Hence, even without recording evidence, upon committal under Section 209, the Session Judge may summon those persons shown in column 2 of the police report to stand trial along with those already named therein.
................................................................................... ............................................................................................
30. The Reference to the effect as to whether the decision in Ranjit Singh's case (supra) was correct or not in Kishun Singh's case (supra), is answered by holding that the decision in Kishun Singh's case was the correct decision and the learned Session Judge, acting as a Court of original jurisdiction, could issue summons under Section 193 on the basis of the records transmitted to him as a result of the committal order passed by the learned Magistrate.

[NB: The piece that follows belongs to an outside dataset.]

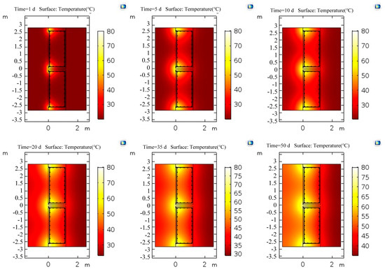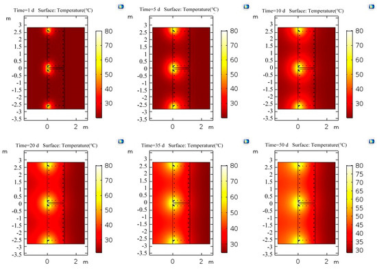 The conjugate heat transfer interface was used to calculate the temperature field distribution of the above two models. The temperature inside the wall increased accordingly after the heating system outside the wall continued heating for a time. When the temperature difference between the location where the optical cable was laid in the wall and the ambient temperature was large (>ΔT = 6 °C), the confined water outside the wall would continue to flow into the pit if purdah leakage occurred during dewatering. Apparent low-temperature anomalies at the leakage location could be observed. Therefore, the boundary of the soil in the laminar flow interface was set as an open boundary; that is, the water in the soil was in a free-flowing state, the ambient temperature was set to 20 °C, the temperature of the heating pipe was set to 80 °C, and the heat transfer temperature for 0–50 days was studied. The temperature field variations with time are shown in Figure 22 and Figure 23.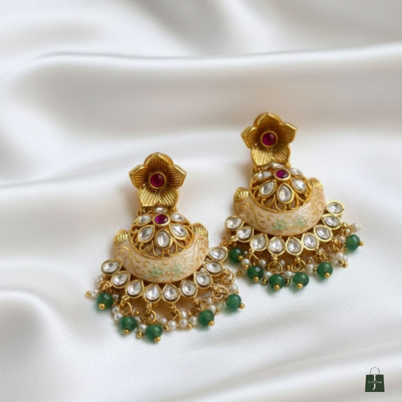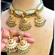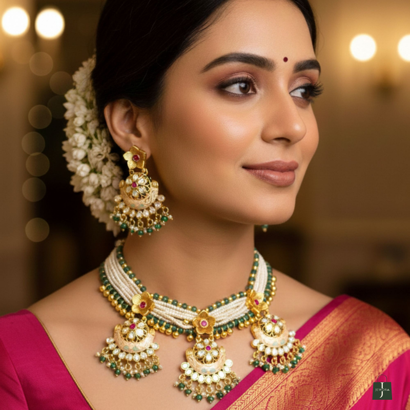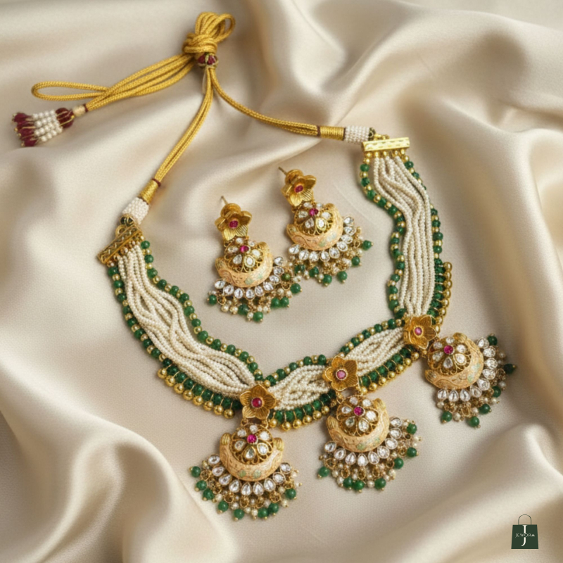 Add a touch of royal elegance to your ethnic wardrobe with this Rajwadi Green Polki Pearl Necklace Set. Designed in a classic Rajwadi jewellery style, this statement piece features layered pearl strands beautifully complemented by green beads and intricate polki-style jhumki motifs. The antique gold-tone finish enhances its heritage appeal, making it a perfect choice for traditional occasions

31. Consequent upon our aforesaid decision, the view taken by the Referring Court is accepted and it is held that the decision in the case of Kishun Singh vs. State of Bihar and not the decision in Ranjit Singh vs. State of Punjab lays down the law correctly in respect of the powers of the Session Court after committal of the case to it by the learned Magistrate under Section 209 Cr.P.C."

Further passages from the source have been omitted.